Overlawyered.com

From the About Us page of the site: “Overlawyered.com explores an American legal system that too often turns litigation into a weapon against guilty and innocent alike, erodes individual responsibility, rewards sharp practice, enriches its participants at the public’s expense, and resists even modest efforts at reform and accountability.”

Hey, some of my best friends are lawyers.

Improve your swing with video iPod

Baseball players are using their iPods to do their pregame video studies. According to a story by Jayson Stark at ESPN.com, Astros pitcher Jason Jennings thinks his iPod turned his whole season around. Stark predicts: “One of these days you’ll see a pitcher take a walk behind the mound during a key at-bat, pull out his iPod and take a quick video-refresher course before launching the big pitch of the night. Heck, if NFL quarterbacks can get plays radioed right into their helmets, why not?” [Thanks, Barb]

Unrelated sports note: I’m guessing I might be one of the few people on the planet that has NO idea which two teams are playing in Sunday’s Super Bowl.

Chris Pirillo: “Apple gets the consumer”

“My brother Adam isn’t a geek – and he’s never written to me about any other device (from Apple or any other manufacturer). It’s not even out yet and I already hate the iPhone… largely because someone else didn’t make it four years ago. Seriously. Apple gets the consumer in ways that no other company ever will. It makes my new Smartphone seem so… ancient.”

Apple TV selling faster than iPods

Despite the fact the product isn’t even out yet, Apple says its upcoming PC-to-TV device is the fastest-selling item on its website, even beating out iPods. Apple TV is poised to become a surprise hit, says analyst Shaw Wu of American Technology Research. “If Apple were to convert 1 percent of those iPod owners to Apple TV owners, it would be a success. That would be a million units,” he said. [LostRemote]

I ordered one, too. Supposed to ship in February. I’ll report here once it’s up and running.

iPod sales drive Apple’s billion dollar profit

Apple today announced financial results for its fiscal 2007 first quarter, ended December 30, 2006. The Company posted record revenue of $7.1 billion and record net quarterly profit of $1.0 billion, nearly double last year’s profit. These results compare to revenue of $5.7 billion and net quarterly profit of $565 million, or $.65 per diluted share, in the year-ago quarter.

Apple shipped 1,606,000 Macintosh computers and 21,066,000 iPods during the quarter, representing 28 percent growth in Macs and 50 percent growth in iPods over the year-ago quarter. [Podcasting News]

“It’s just a fad. I can go down to Target and get a perfectly good MP3 player that will do everything an iPod will do and only pay $30. And why do a need an MP3 player when I can listen to music for free on the radio?”
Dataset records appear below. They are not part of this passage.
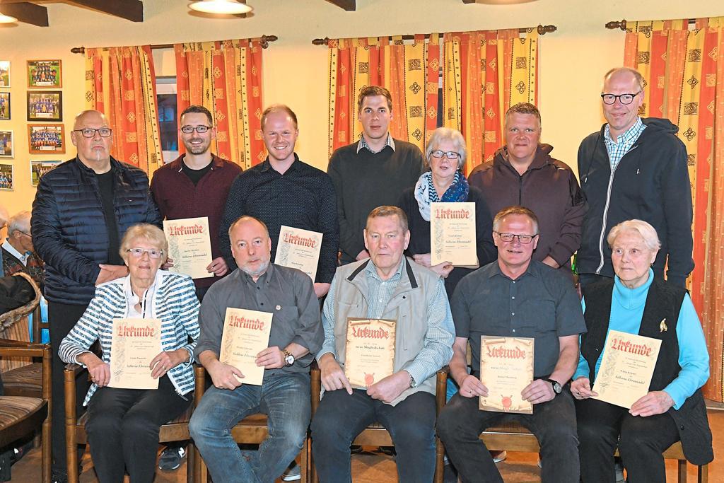 Wurden für ihre langjährige Mitgliedschaft geehrt: Reiner Schröder (25 Jahre), Rosemarie Krug (60), Kurt Kaleske (60), Brigitte Herden (50), Werner Herden (50), Uwe Schröder (50) (vorne von links); Wolf-Dietrich Häke (Vorsitzender), Nicole Buchwald (Abteilungsleiterin Turnen), Karin Littkemann (40 Jahre aktive Übungsleiterin), Jan Haferland (25), Sven Spellbrink (40) und Rainer Budke (2. Vorsitzender) (hinten von links).
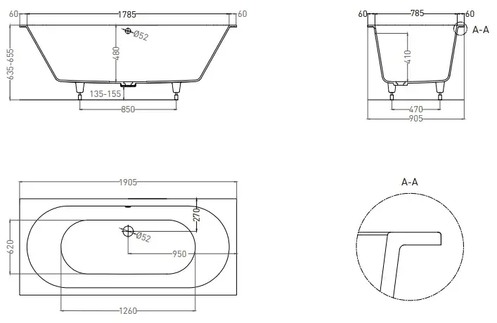 Salini Ornella Axis 190 Kit Встраиваемая ванна 190х90х60см, прямоугольная, материал: S-Sense, донный клапан "Up&Down", слив-перелив, цвет: белый глянцевый
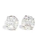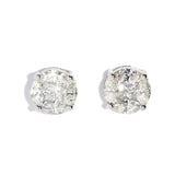 Our exquisite Tertia Earrings showcase a radiant cluster of diamonds, their facets sparkling with a dazzling brilliance that rivals stars in the night sky. Her diamonds, set in 18 carat white gold, form a stunning constellation of light, reflecting the wearer's beauty and elegance. The perfect gift for your someone special.

Talent more important than size

That is one of the lessons of Web 2.0, according to AdWeek’s Bob Greenberg:

“Long before they became global behemoths, the great (advertising) agencies of the past were small businesses built around people of uncanny creative ability. What’s amazing is that our competition in the future will come from exactly where we started: small teams of creative geniuses with ideas galore on how to capture the hearts and minds of consumers. Only now they probably don’t work in agencies. At the same time, they have a fully democratized means of content distribution that doesn’t rely on captive audiences. Lesson No. 2: Talent is more important than size.”

Jakob Nielsen’s Top Ten Mistakes in Web Design

From usability expert Jakob Nielsen’s useit.com. I’ll plead guilty to #2 and #5 on a few of our sites. I’m iffy on a couple more. If you have a blog (or any kind of website), this is a handy check-list.

1. Bad Search
2. PDF Files for Online Reading
3. Not Changing the Color of Visited Links
4. Non-Scannable Text
5. Fixed Font Size
6. Page Titles With Low Search Engine Visibility
7. Anything That Looks Like an Advertisement
8. Violating Design Conventions
9. Opening New Browser Windows
10. Not Answering Users’ Questions

Mayo Clinic developing “Treadmill Workstation”

“Instead of sitting in chairs, workers stand in front of a raised workstation and slowly walk on a treadmill. Normally Levine keeps to a one-mile-per-hour pace, which requires little effort or concentration, allowing him to focus his attention on work. But the speed is fast enough to do some good, burning an extra 100 calories an hour – 8,000 calories over a 40 hour work week.”

“The researcher behind the project, Dr. James Levine, says his recent research shows that thin people tend to be on their feet an average of two and a half hours a day more than people who are overweight. Getting office workers up out of their chairs led him to build a prototype ‘treadmill workstation’.”